The OECD warns of the impact of aging on the sustainability of the pension system in Spain



The Organization for Economic Cooperation and Development (OECD) calls into question the future of the sustainability of the Spanish pension system. The think tank of developed countries has published a report this Wednesday warning of the impact that the aging of the population will have on their substantiation. Specifically, it points out that, although demographic changes have registered an imbalance with respect to the rest of developed countries, aging will now accelerate at a very rapid rate, “putting strong pressure on financial sustainability.”

Several issues that directly affect the Spanish pension system are of concern to the organization. In the first place, the report indicates that the income of those over 65 in Spain is equivalent to around 96% of the average income of the total population, eight percentage points more than in the OECD as a whole.

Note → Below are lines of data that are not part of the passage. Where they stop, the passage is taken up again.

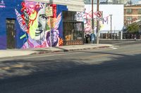 This image showcases the vibrant urban life of Los Angeles. The photo captures a bustling city street, adorned with graffiti murals and street art. The asphalt road stretches into the distance, lined with parking lots and residential buildings. The hard shadows cast by the buildings create an interesting play of light and shade. Los Angeles' unique urban design and public spaces promote recreation and artistic expression. This photo encapsulates the energy and diversity of the city, highlighting its thriving art district and the vibrant street culture that defines the Los Angeles city life.
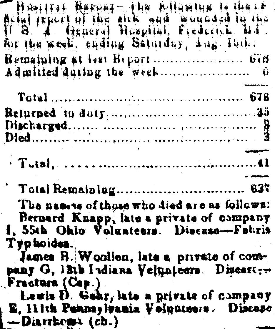 Official report of the total number of soldiers in the U.S.A. General Hospital in Frederick City ending the week of August 16th. There were 678 men in the hospital. 35 were returned to duty, 3 were discharged and 3 died. The dead were: Private Bernard Knapp, Co. I, 55th Ohio Volunteers; Private James R. Woollen (sp?), Co. G., 13th Indiana Volunteers, and Private Lewis D. Gehr, Co. E, 111th PA Volunteers.
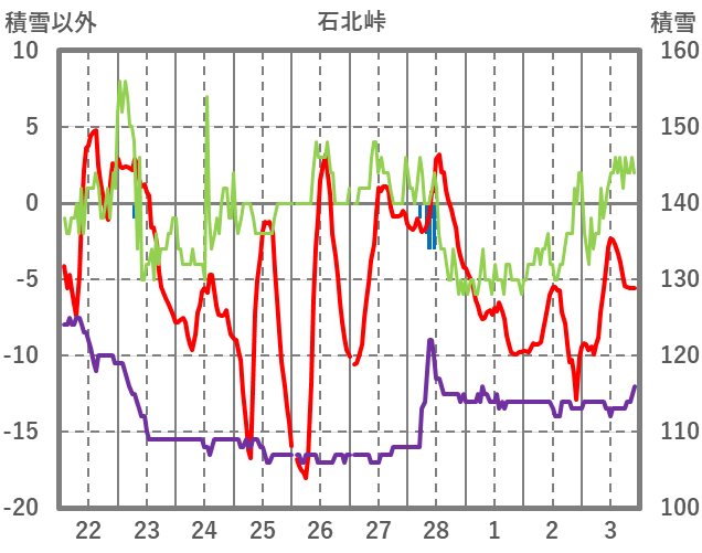| 日 | 時 | 気温 | 降水 | 風向/風速 | 日照 | 積雪 | 降雪 |
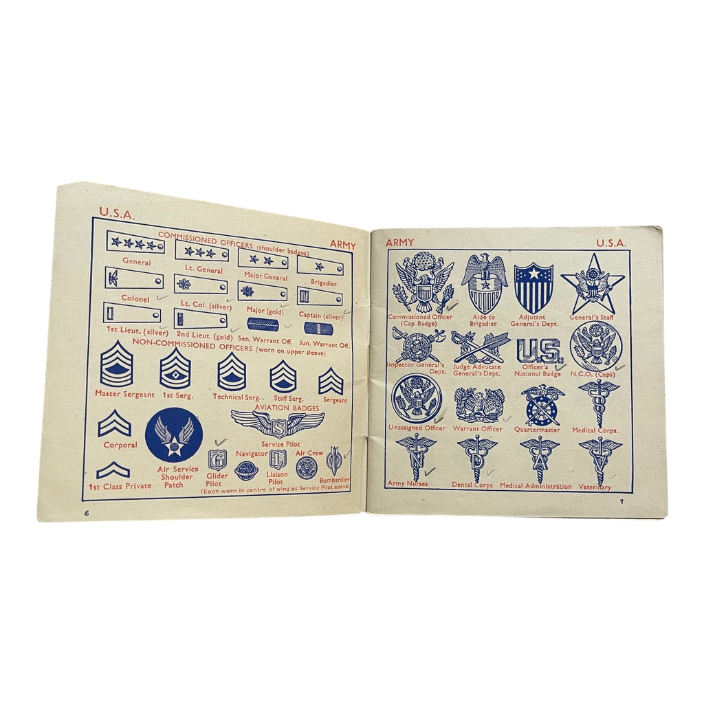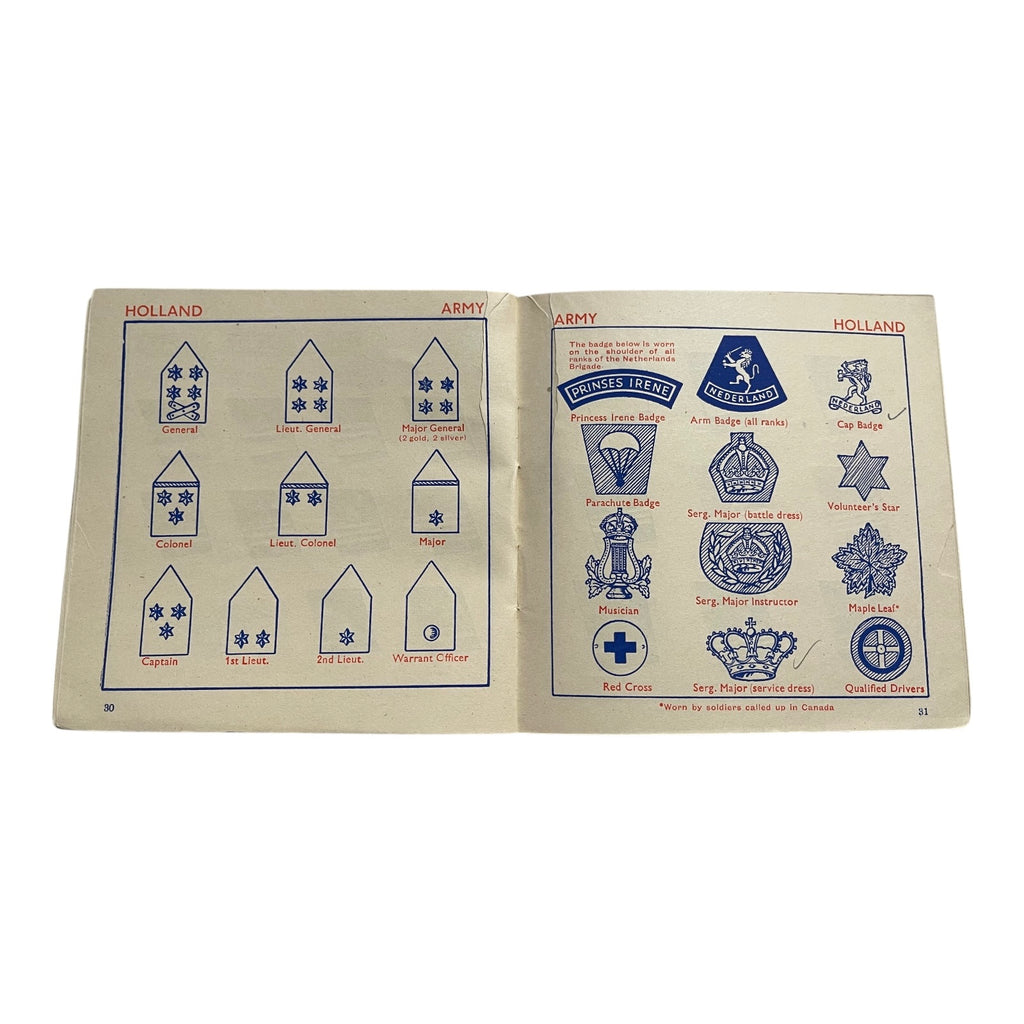 A small booklet showing select badges from Allies of the British during WW2, including USA, France, USSR, China, Holland, Norway, Czech, Belgium and Poland. Boolet shows use and wear.
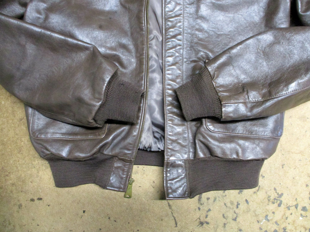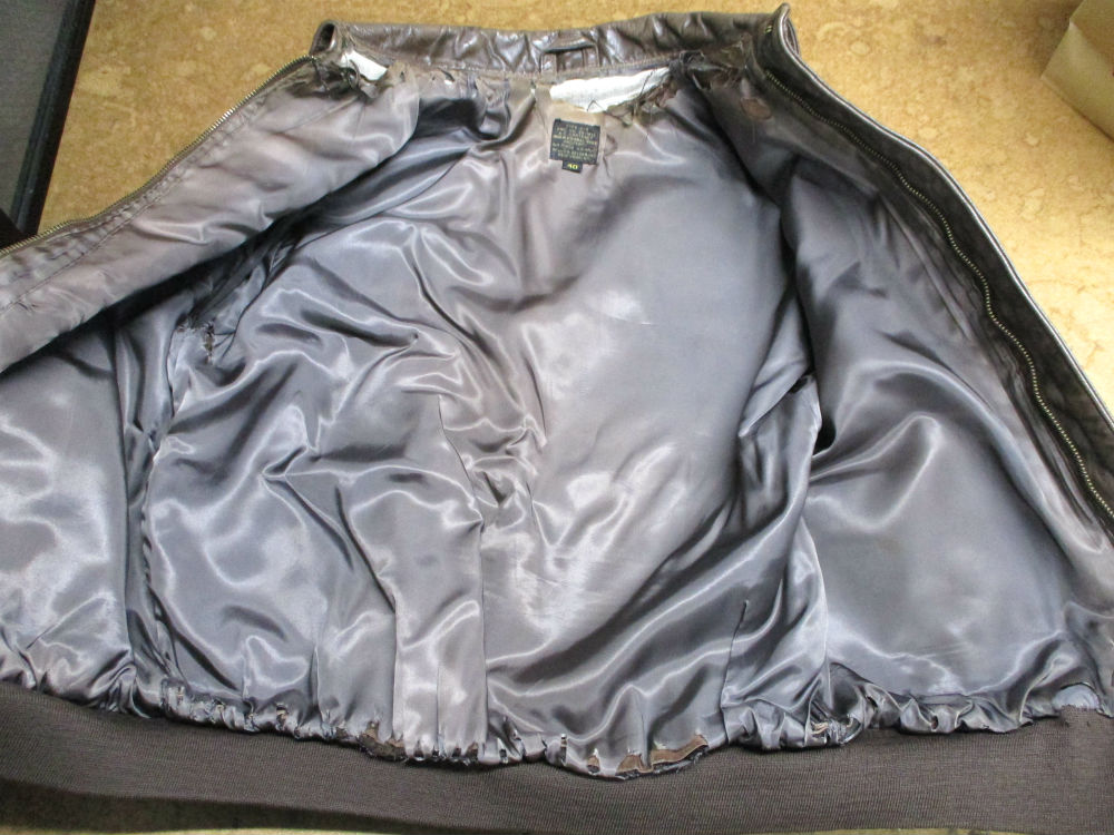 1枚目は福岡県からの郵送のお客さんの両袖と腰回りのリブニットと裏地を交換していく前のA-2フライトジャケットです。
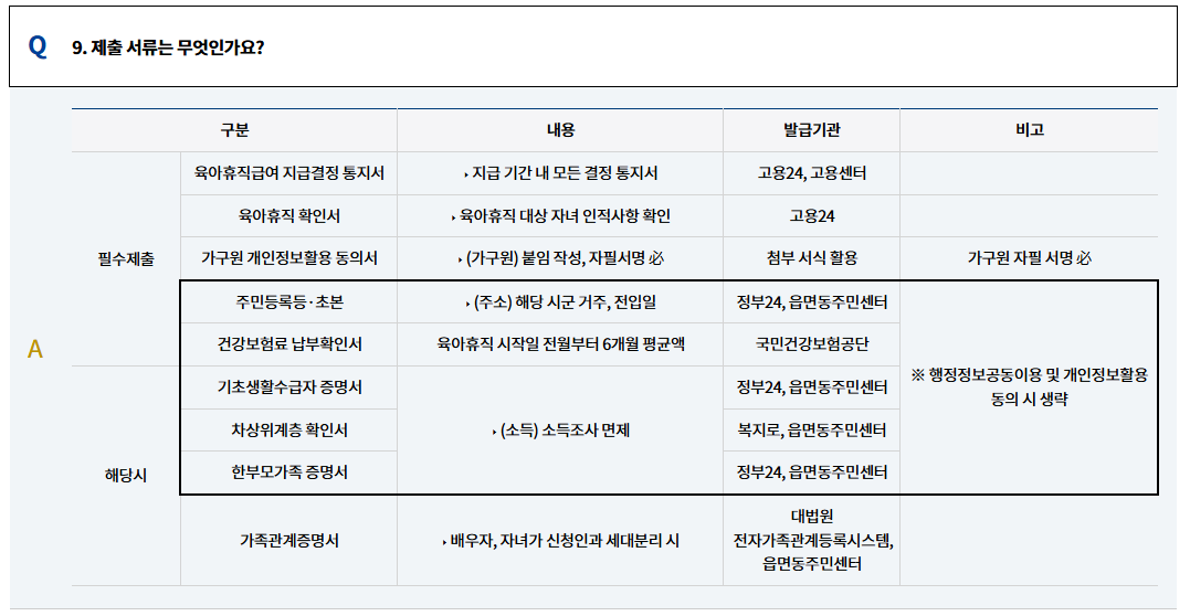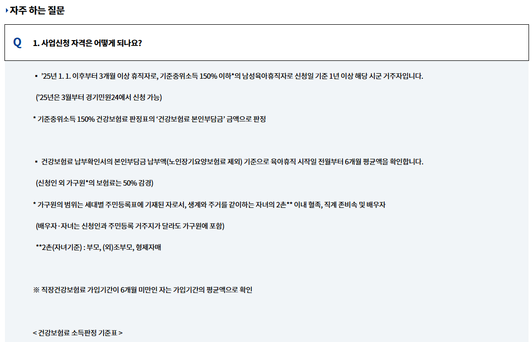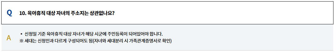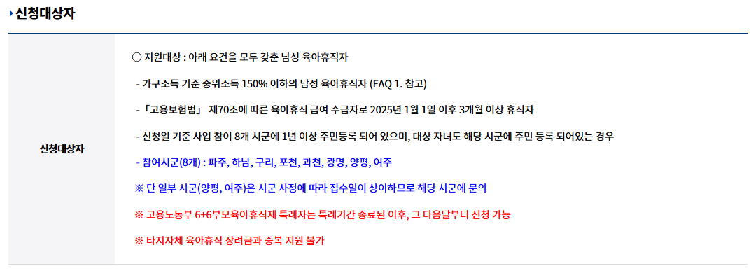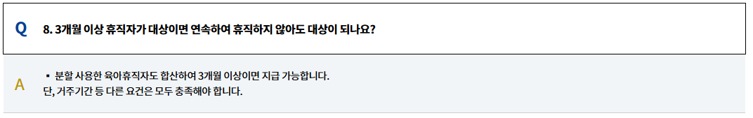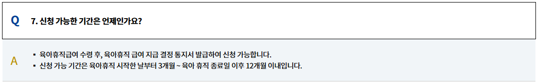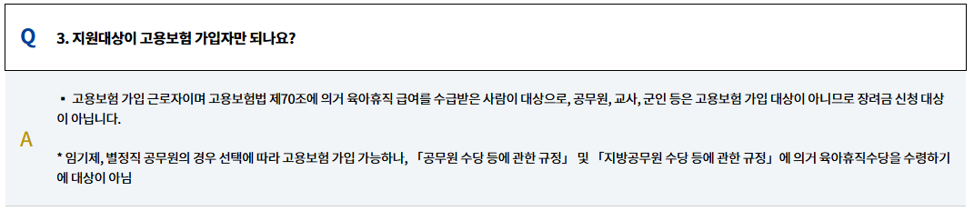 - 휴직 요건: 육아휴직 최소 3개월 이상 사용

In the same sense, it indicates that in 2020, the income ratio of the elderly grew eleven points compared to the rest of the population. Something that is motivated by the increase in spending on pensions compared to the growth of the average salary.

Furthermore, the OECD considers that the conditions for obtaining a full retirement pension in Spain are lax when compared to other countries. In this sense, when comparing the Spanish system with the French or German, the analysis cites that while in 2027, a Spanish worker can retire at 65 with a full pension if they have contributed 38.5 years, in France they do 43 years of contributions are missing and in Germany 45. Along the same lines, the OECD analysis highlights that while in the bulk of developed countries the pension is calculated taking into account the entire working career, in Spain the time limit is 25 years or less.

Regarding the sustainability of the Spanish system, the Paris-based organization has also highlighted the impact of the repeal of the sustainability factor, which has caused the replacement rate of pensions to grow to 89%. In the OECD the average is 62%.

Regarding this change, in the indexation of pensions to the CPI and in the intergenerational equity mechanism, the agency believes that “they illustrate that a consistent policy over time requires broad political consensus before its implementation.”

In any case, the body is not only limited to launching the alert to Spain, since the situation is global. Thus, the OECD advises developed countries that maintaining pensions will require a choice between increasing workers’ contributions, raising the retirement age or reducing pensions to maintain them.